What this task involves » Print the line that contains "In the field", then every line after it until the entries end, exactly as they read; do not include pictures.

BEGIN Excerpted data

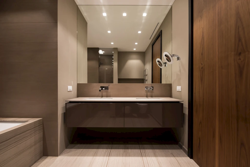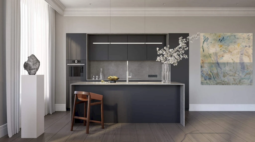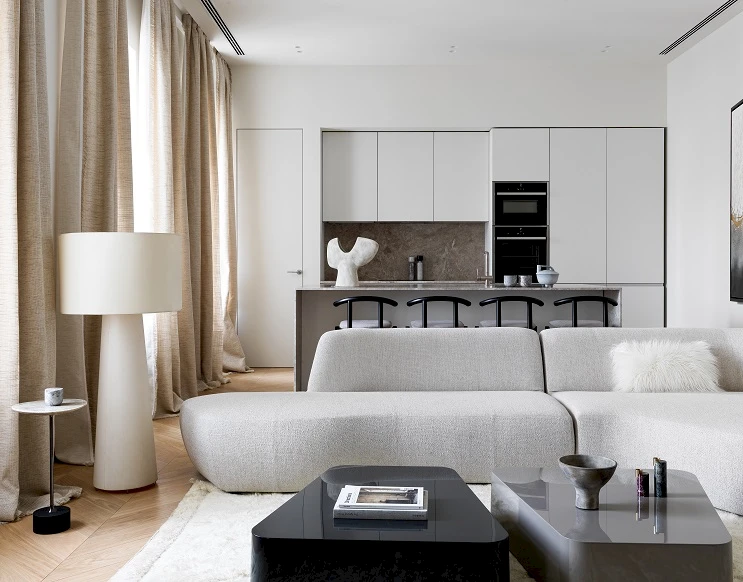 公共区域和大堂使用石材、木材及金属设计,营造高端氛围。公寓配备现代工程系统:通风与空调系统、空气和水净化系统,以及智能家居技术。该设计确保了居民的舒适性与安全性。
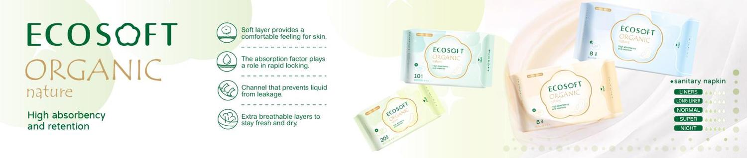In the field of feminine care, ECOSOFT has always adhered to the concept of "natural, healthy and comfortable" to create a new generation of plant-based sanitary napkin. We are well aware of the core needs of modern women for feminine pads products - not only safety and comfort, but also environmental sustainability. ECOSOFT sanitary pads combine innovative technology with natural materials to redefine the standard of period panty pad, making special days easy and worry-free.
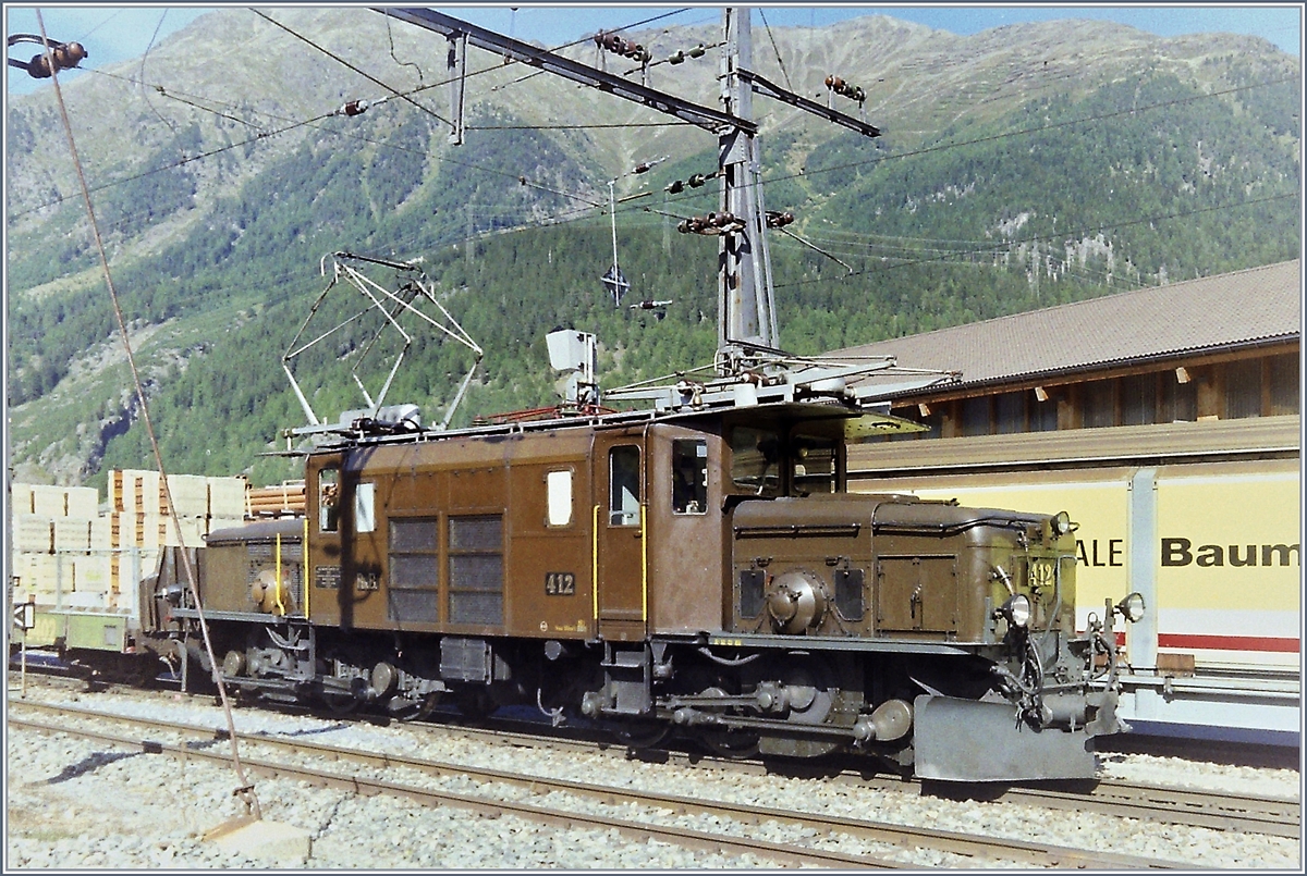 Ge 6/6 I 415 rangiert im Februar 1981 im Bahnhof Landquart
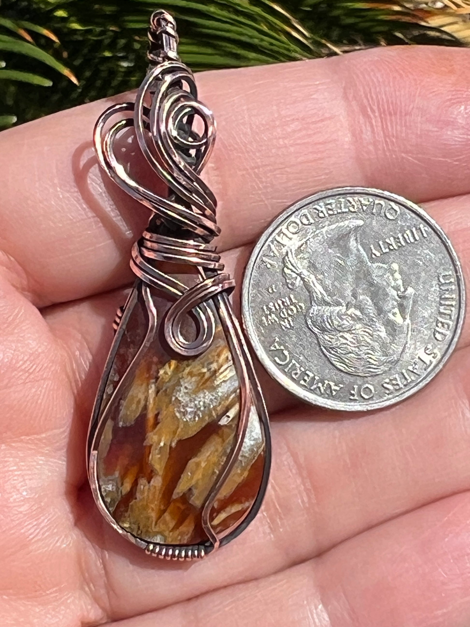 Tube Agate In Bare Copper wire Oxidized and polished for an antique look
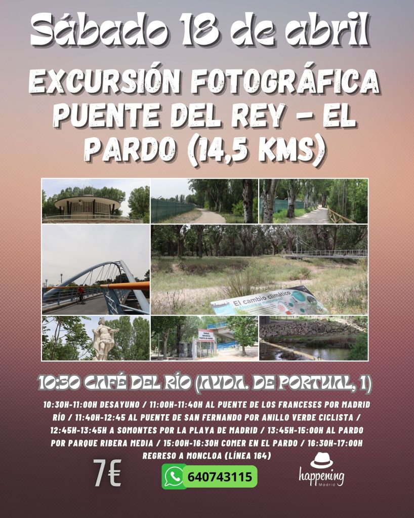 La excursión que haremos nos llevará desde el mismo corazón de Madrid frente al Palacio Real y al Puente del Rey hasta la Plaza del Pardo siguiendo la ribera del Manzanares. Es una excursión de 14,5 kms que haremos yendo despacio y disfrutando del paisaje en unas 4 horas.
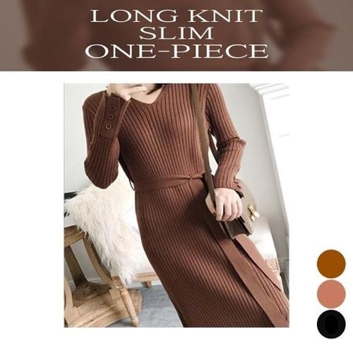[엄지척]여자 옆트임 데일리 이너 니트 브이넥 롱 원피스_19870919_667501
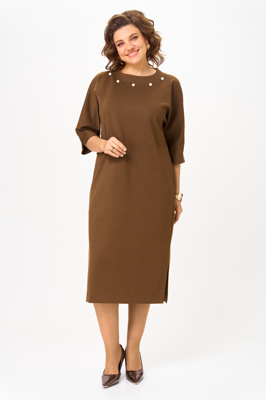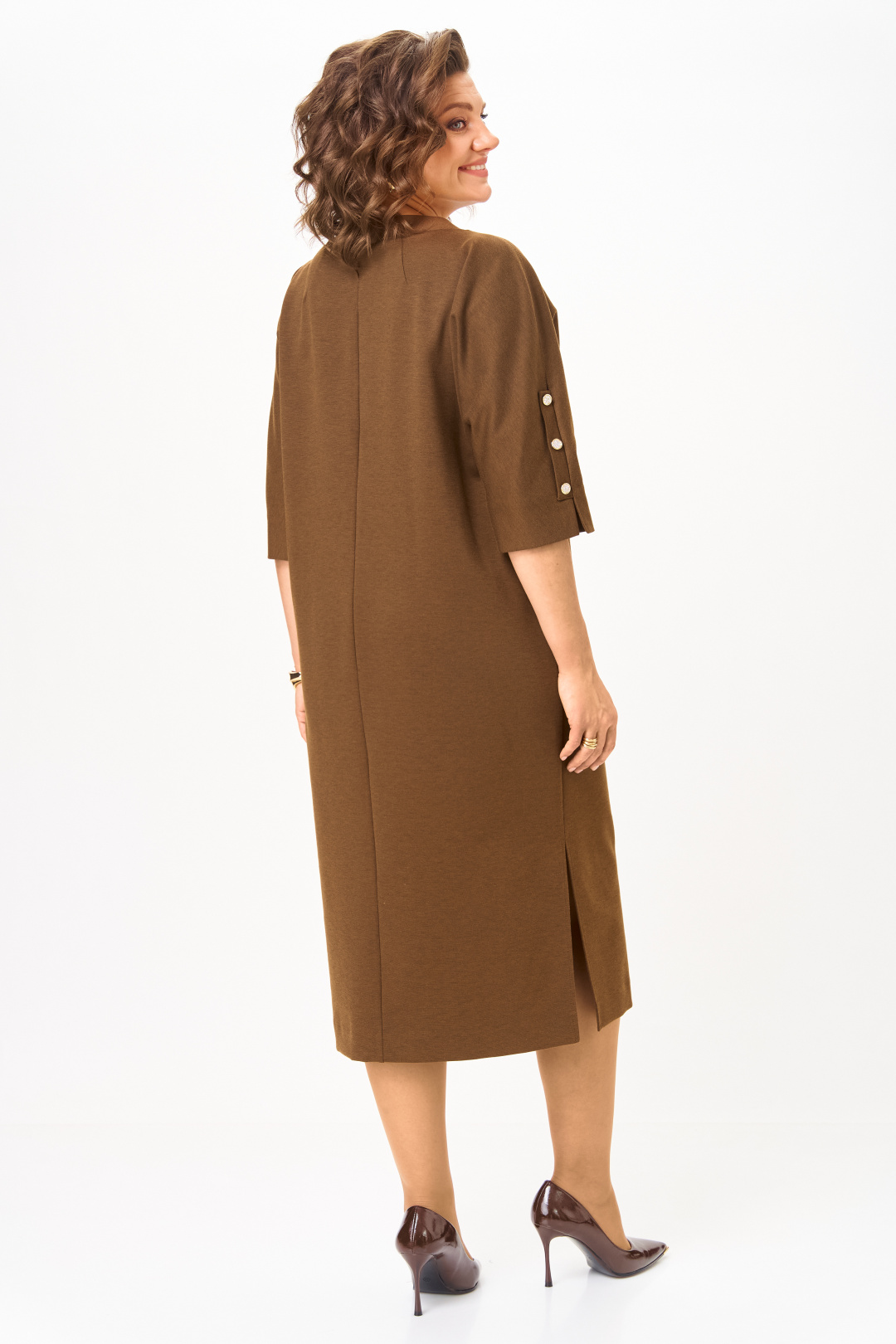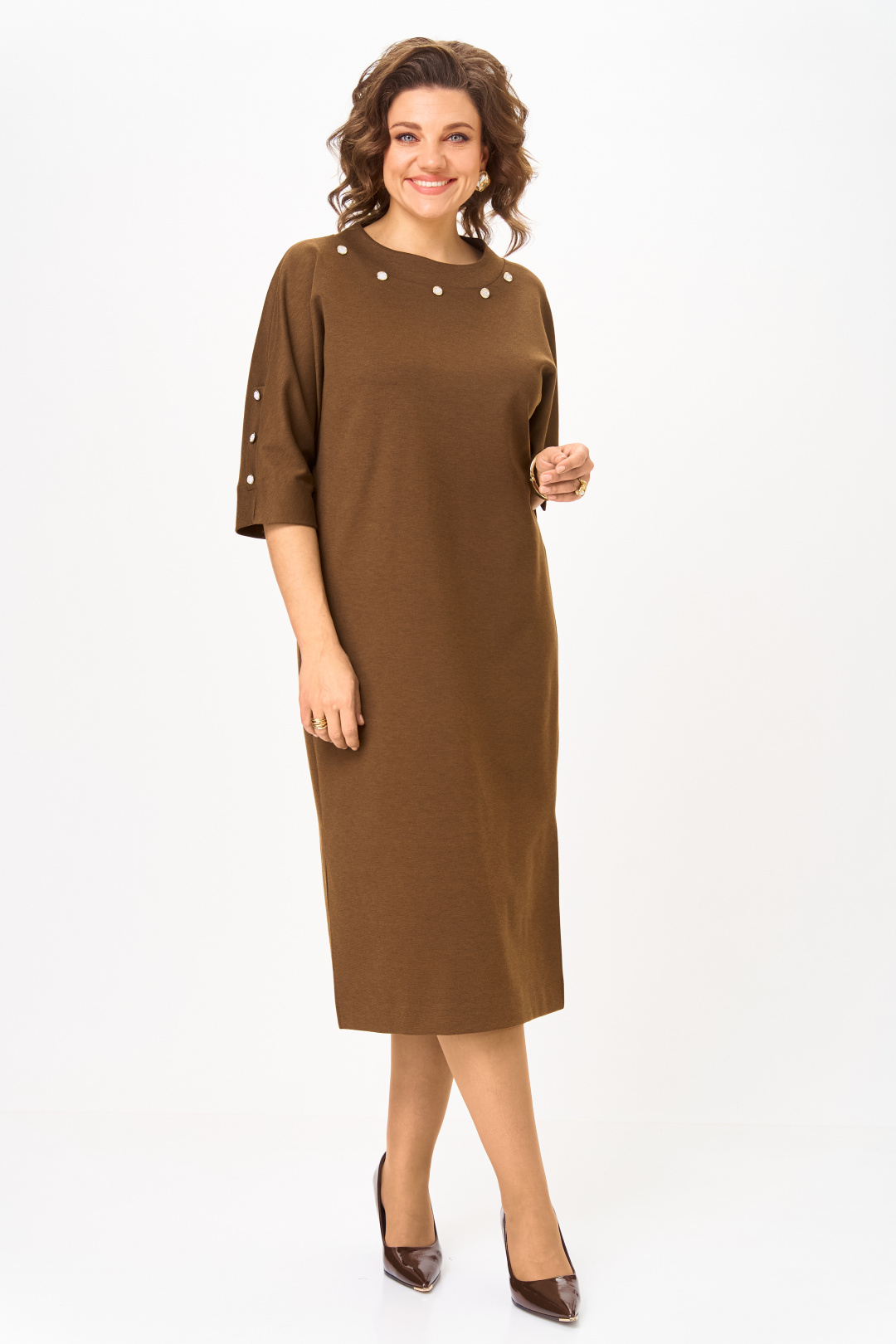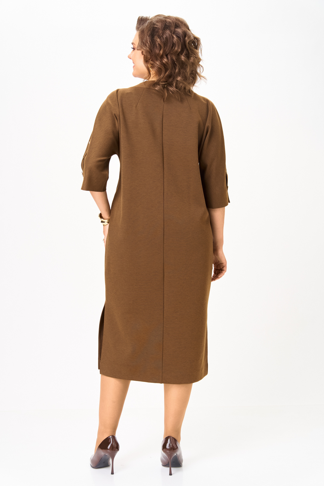 Платье полуприлегающего силуэта из трикотажного полотна с цельнокроеным рукавом длиной три четверти.
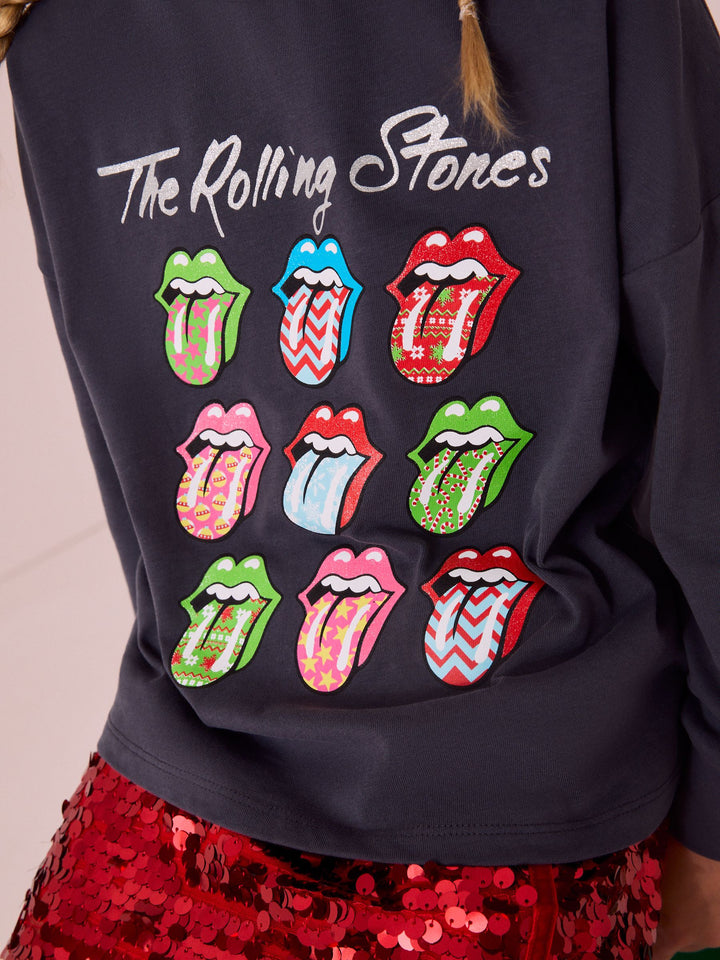 Charcoal Grey Rolling Stones Christmas Long Sleeve 100% Cotton Top (3-16yrs)

END Excerpted data

Response to this exercise »
In the field of feminine care, ECOSOFT has always adhered to the concept of "natural, healthy and comfortable" to create a new generation of plant-based sanitary napkin. We are well aware of the core needs of modern women for feminine pads products - not only safety and comfort, but also environmental sustainability. ECOSOFT sanitary pads combine innovative technology with natural materials to redefine the standard of period panty pad, making special days easy and worry-free.
 Ge 6/6 I 415 rangiert im Februar 1981 im Bahnhof Landquart
 Tube Agate In Bare Copper wire Oxidized and polished for an antique look
 La excursión que haremos nos llevará desde el mismo corazón de Madrid frente al Palacio Real y al Puente del Rey hasta la Plaza del Pardo siguiendo la ribera del Manzanares. Es una excursión de 14,5 kms que haremos yendo despacio y disfrutando del paisaje en unas 4 horas.
[엄지척]여자 옆트임 데일리 이너 니트 브이넥 롱 원피스_19870919_667501
 Платье полуприлегающего силуэта из трикотажного полотна с цельнокроеным рукавом длиной три четверти.
 Charcoal Grey Rolling Stones Christmas Long Sleeve 100% Cotton Top (3-16yrs)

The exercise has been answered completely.